Practical Diagnosis Checklist

Symptom: HashMap get() latency increases linearly with map size. Cause: Poor hashCode() creating collision chains. Diagnosis: Add a temporary probe:

// Count entries per bucket to detect clustering
int[] bucketCounts = new int[getTableLength(map)];
for (Map.Entry<K,V> entry : map.entrySet()) {
    int bucket = entry.getKey().hashCode() & (bucketCounts.length - 1);
    bucketCounts[bucket]++;
}
int maxChain = IntStream.of(bucketCounts).max().orElse(0);
long emptyBuckets = IntStream.of(bucketCounts).filter(c -> c == 0).count();
System.out.printf("Max chain: %d, Empty buckets: %d/%d%n",
    maxChain, emptyBuckets, bucketCounts.length);

Fix: Improve hashCode() to use all identifying fields with the 31 * result + field.hashCode() pattern. Trade-off: A more thorough hashCode (hashing more fields) costs more CPU per hash computation. For hot-path keys, consider caching the hash value in a field (as String does internally).

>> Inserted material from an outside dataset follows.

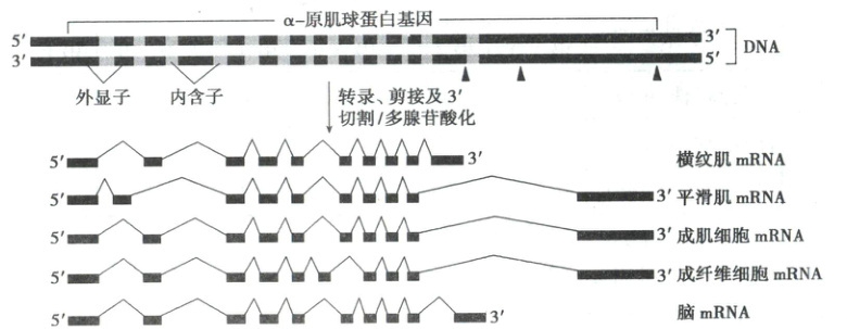 A.$\alpha$-原肌球蛋白基因通过选择性剪接产生多种mRNA,进而编码相同的蛋白质

Symptom: GC pause spikes correlated with map population. Cause: Multiple resize operations creating and discarding large arrays. Diagnosis: Run with -Xlog:gc* and correlate pause timestamps with map building code paths. Fix: Pre-size with HashMap.newHashMap(expectedSize). Trade-off: Upfront memory allocation. Acceptable for known-size maps. For streaming/unknown-size scenarios, use a reasonable estimate and accept 1-2 resizes.